The new version of Metaxa2 can be downloaded here, and for those interested I will spend the rest of this post outlining the Metaxa2 Database Builder. The information below is also available in a slightly extended version in the software manual.

The major enhancement in Metaxa2 version 2.2 is the ability to use custom databases for classification. This means that the user can now make their own database for their own barcoding region of choice, or download additional databases from the Metaxa2 Database Repository. The selection of other databases is made through the “-g” option already existing in Metaxa2. As part of these changes, we have also updated the classification scoring model for better stringency and sensitivity across multiple databases and different genes. The old scoring system can still be used by specifying the –scoring_model option to “old”.

There are two different main operating modes of the Metaxa2 Database Builder, as well as a hybrid mode combining the features of the two other modes. The divergent and conserved modes work in almost completely different ways and deal with two different types of barcoding regions. The divergent mode is designed to deal with barcoding regions that exhibit fairly large variation between taxa within the same taxonomic domain. Such regions include, e.g., the eukaryotic ITS region, or the trnL gene used for plant barcoding. In the other mode – the conserved mode – a highly conserved barcoding region is expected (at least within the different taxonomic domains). Genes that fall into this category would be, e.g., the 16S SSU rRNA, and the bacterial rpoB gene. This option would most likely also be suitable for barcoding within certain groups of e.g. plants, where similarity of the barcoding regions can be expected to be high. There is also a third mode – the hybrid mode – that incorporates features of both the other.
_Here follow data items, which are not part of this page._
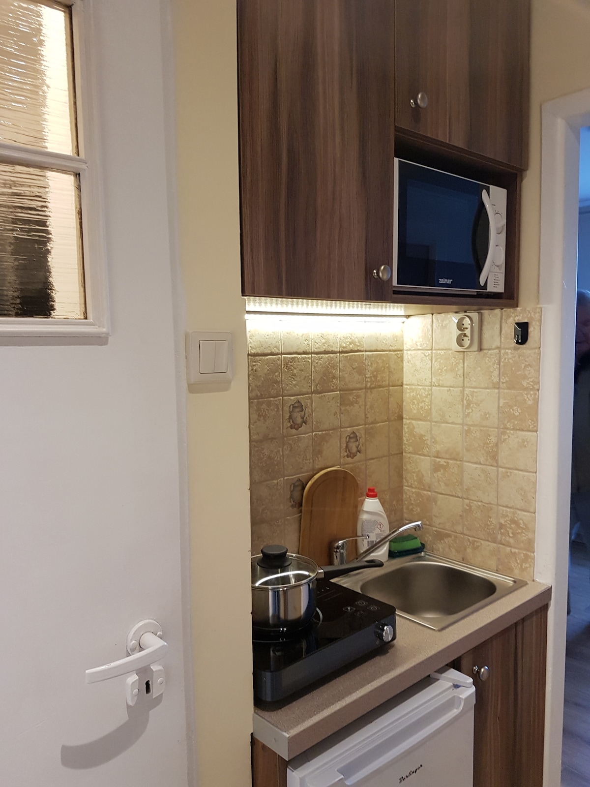 A double bedroom and easy access to the Old Town and all local attractions by public transport. There is plenty free parking space. The rental unit is brand new, is has an en-suite bathroom with a spacious shower cabin, and a small kitchenette with a fridge. There is a king size bed in the room, an extra mattress is available. The apartment is separated from the host's quarters and has a separate entrance into the building. Languages spoken: English, Polish, Spanish.
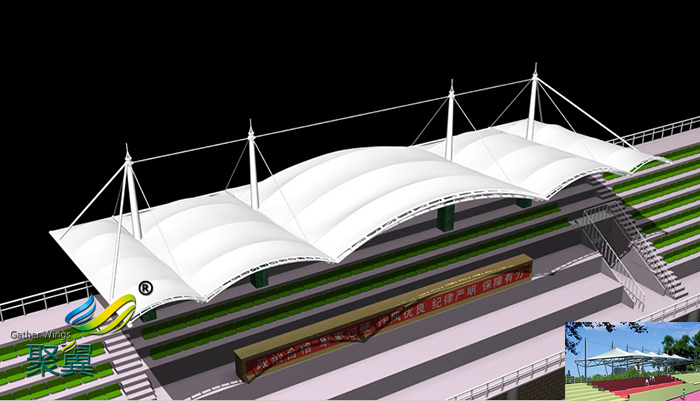 膜結(jié)構(gòu)看臺是膜結(jié)構(gòu)材料近年來應(yīng)用的一個新領(lǐng)域,膜結(jié)構(gòu)建筑能很好的籠罩全部的看臺,膜結(jié)構(gòu)的張拉樣式使得建筑的空間跨度變的更大,同時能縮小建筑的結(jié)構(gòu),建筑的整體重量減輕,這樣施工就會變的簡單安全。這些都是膜結(jié)構(gòu)被廣大用戶選擇的關(guān)鍵因素。膜材的表面都有一種涂層,涂層是為了預(yù)防灰塵雨水的影響,起到保護(hù)膜結(jié)構(gòu)使用年限的作用。
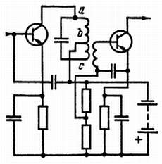 В каскадах ВЧ эти контуры имеют переменную настройку, что позволяет настраивать приемник на соответствующую радиостанцию. В каскадах ПЧ настройка постоянная. Здесь также возникает проблема согласования выходных и входных сопротивлений. Решить эту проблему удается путем использования трансформаторов с коэффициентом трансформации, соответствующим соотношению этих сопротивлений. Для этой цели можно сделать отводы в одной из обмоток, которая ведет себя как автотрансформатор. Часть обмотки, по которой протекает входной ток, играет роль первичной обмотки, а вся обмотка представляет собой вторичную обмотку. На схеме, которую ты видишь, часть витков с отводами а, b служит первичной, а с отводами а, с — вторичной обмоткой трансформатора. А настоящая вторичная обмотка подвергается индуктивному воздействию всей первичной обмотки.
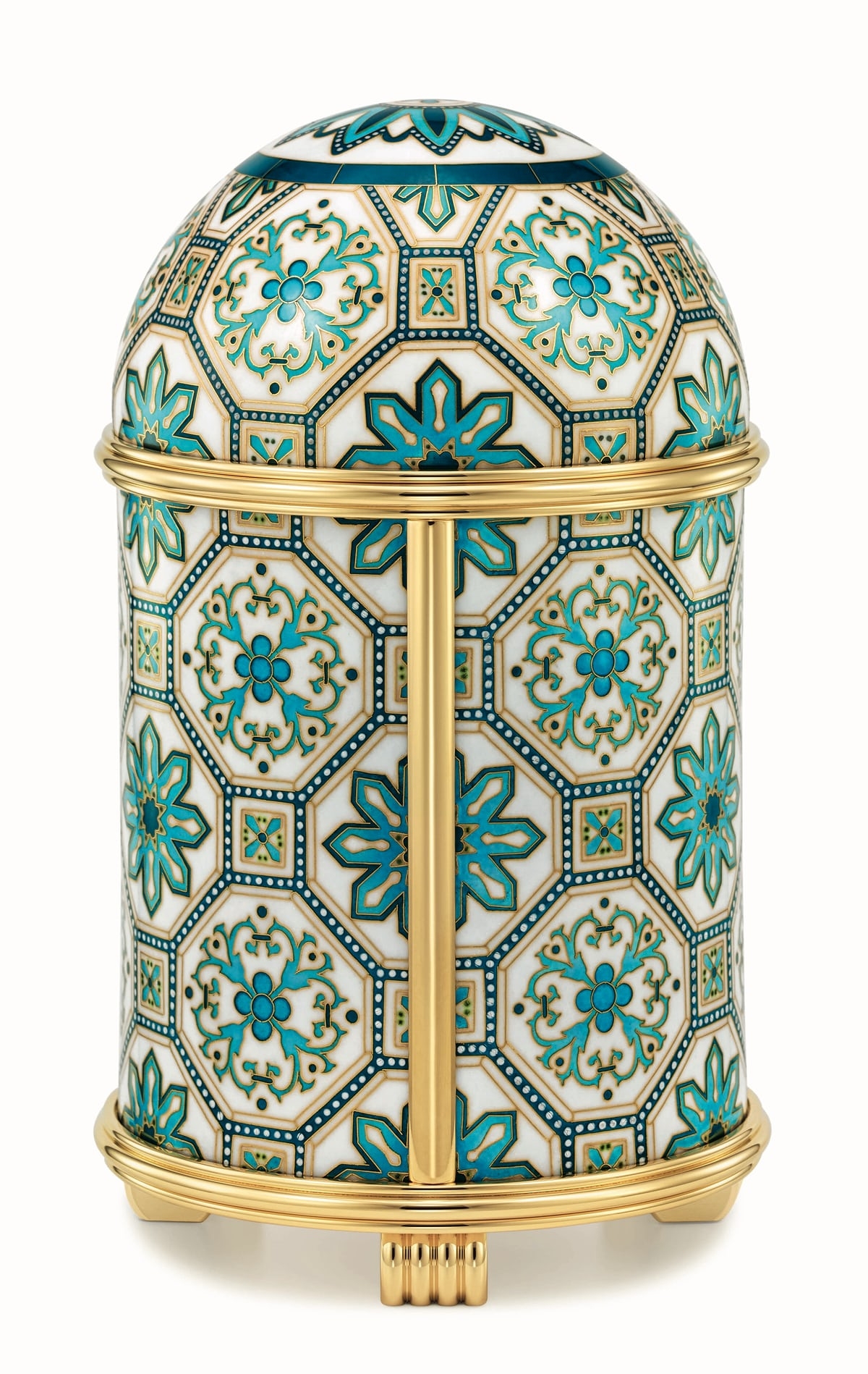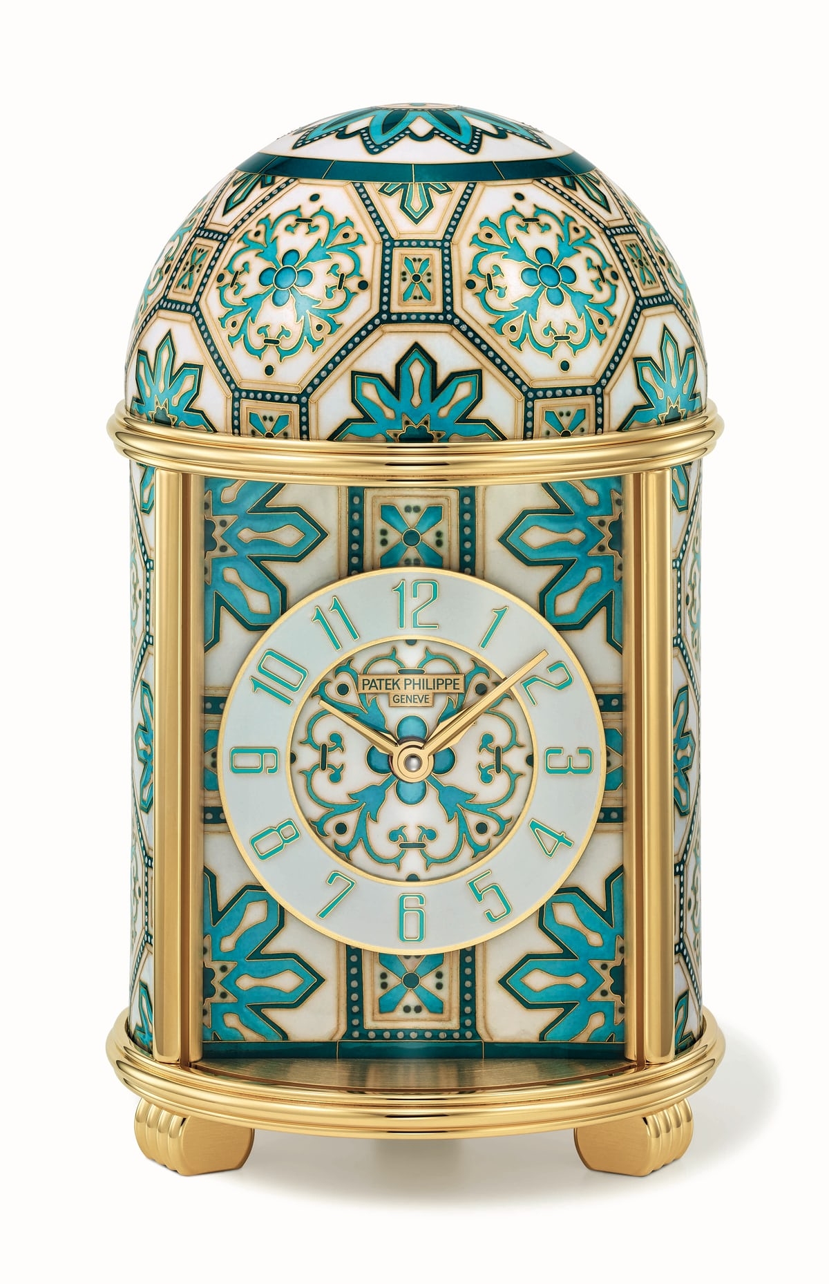 Với chiếc đồng hồ để bàn mang tên “Azulejos in Turquoise”, thương hiệu Patek Philippe sử dụng kỹ thuật tráng men cloisonné, đặc biệt khó xử lý, sai một chút là hỏng cả quá trình. Hoạ tiết đối xứng trên chiếc đồng hồ này được nhìn thấy nhiều ở Tây Ban Nha và Bồ Đào Nha.
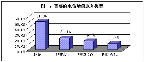 當用戶被問到“最需要的電信增值服務是什么?”,在短信、IP電話、視頻會議和網絡游戲這四個備選項當中,超過一半的被訪者選擇短信;其次是IP電話,選擇此項的被訪者占據21%;再是視頻會議,選擇此類多媒體通訊方式的被訪者約占16%;最后是網絡游戲,需要此類增值服務的人約為10%。(見圖一)

The hybrid mode is more experimental in nature, but could be useful in situations where both the other modes perform poorer than desired.

In the divergent (default) mode, the database builder will start by clustering the input sequences at 20% identity using USEARCH (2). All clusters generated from this process are then individually aligned using MAFFT (3). Those alignments are split into two regions, which are used to build two hidden Markov models for each cluster of sequences. These models will be less precise, but more sensitive than those generated in the conserved mode. In the divergent mode, the database builder will attempt to extract full-length sequences from the input data, but this may be less successful than in the conserved mode.

In the conserved mode, on the other hand, the database builder will first extract the barcoding region from the input sequences using models built from a reference sequence provided (see above) and the Metaxa2 extractor (1). It will then align all the extracted sequences using MAFFT and determine the conservation of each position in the alignment. When the criteria for degree of conservation are met, all conserved regions are extracted individually and are then re-aligned separately using MAFFT. The re-aligned sequences are used to build hidden Markov models representing the conserved regions with HMMER (4). In this mode, the classification database will only consist of the extracted full-length sequences.

In the hybrid mode, finally, the database builder will cluster the input sequences at 20% identity using USEARCH, and then proceed with the conserved mode approach on each cluster separately .

The actual taxonomic classification in Metaxa2 is done using a sequence database. It was shown in the original Metaxa2 paper that replacing the built-in database with a generic non-processed one was detrimental to performance in terms of accuracy (1). In the database builder, we have tried to incorporate some of the aspects of the manual database curation we did for the built-in database that can be automated. By default, all these filtration steps are turned off, but enabling them might drastically increase the accuracy of classifications based on the database.

To assess the accuracy of the constructed database, the Metaxa2 Database Builder allows for testing the detection ability and classification accuracy of the constructed database. This is done by sub-dividing the database sequences into subsets and rebuilding the database using a smaller (by default 90%), randomly selected, set of the sequence data (5). The remaining sequences (10% by default) are then classified using Metaxa2 with the subset database. The number of detections, and the numbers of correctly or incorrectly classified entries are recorded and averaged over a number of iterations (10 by default). This allows for obtaining a picture of the lower end of the accuracy of the database. However, since the evaluation only uses a subset of all sequences included in the full database, the performance of the full database actually constructed is likely to be slightly better. The evaluation can be turned on using the “–evaluate T” option.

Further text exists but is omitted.